El delantero de la Selección argentina no formó parte de las prácticas conducidas por Diego Simeone aludiendo un cuadro de indisposición física, en un marco de marcada tirantez generado por los rumores sobre su futuro profesional y la tensa relación con la afición colchonera.
El malestar en torno al atacante cordobés se profundizó luego del reciente empate 2-2 frente al Villarreal en el Estadio Metropolitano. Durante aquel compromiso, el ex River ingresó en el tramo final del partido y fue recibido con desaprobaciones y silbidos por parte de los simpatizantes locales. Tras el pitazo final, la "Araña" optó por no sumarse a la caminata de agradecimiento del plantel sobre el terreno de juego y se retiró de manera directa hacia la zona de vestuarios, un gesto que encendió las alarmas dentro del cuerpo técnico de cara al próximo cruce liguero frente al Sevilla en el Ramón Sánchez-Pizjuán.

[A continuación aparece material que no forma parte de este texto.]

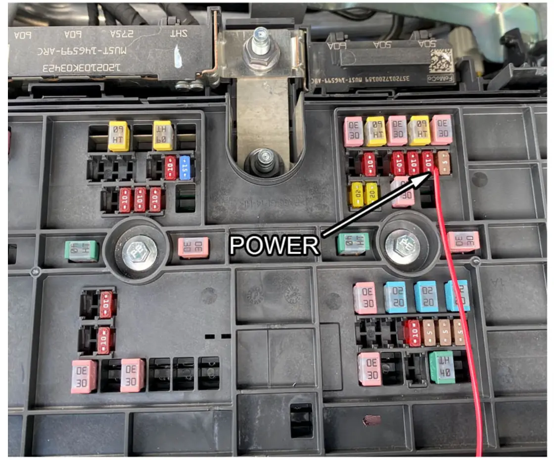 Ground the black cables to the fender ground post or battery post. Connect red wires to desired power source. For example: Parking Lights, Aux Switch, or ignition switched fuse in the fuse box by using an “add-a-circuit”

El trasfondo del conflicto responde a los deseos de Álvarez de buscar nuevos horizontes futbolísticos frente al interés concreto del Barcelona por sumarlo a sus filas antes del cierre del libro de pases. Sin embargo, la cúpula dirigencial del Atlético de Madrid se muestra inflexible y ratificó que no facilitará ninguna negociación con la entidad catalana. Cabe recordar que el atacante posee vínculo contractual con la institución madrileña hasta junio de 2030 —tras su traspaso desde el Manchester City en 2024— y su cláusula de rescisión está fijada en la cifra de 500 millones de euros, blindando su salida en el mercado actual.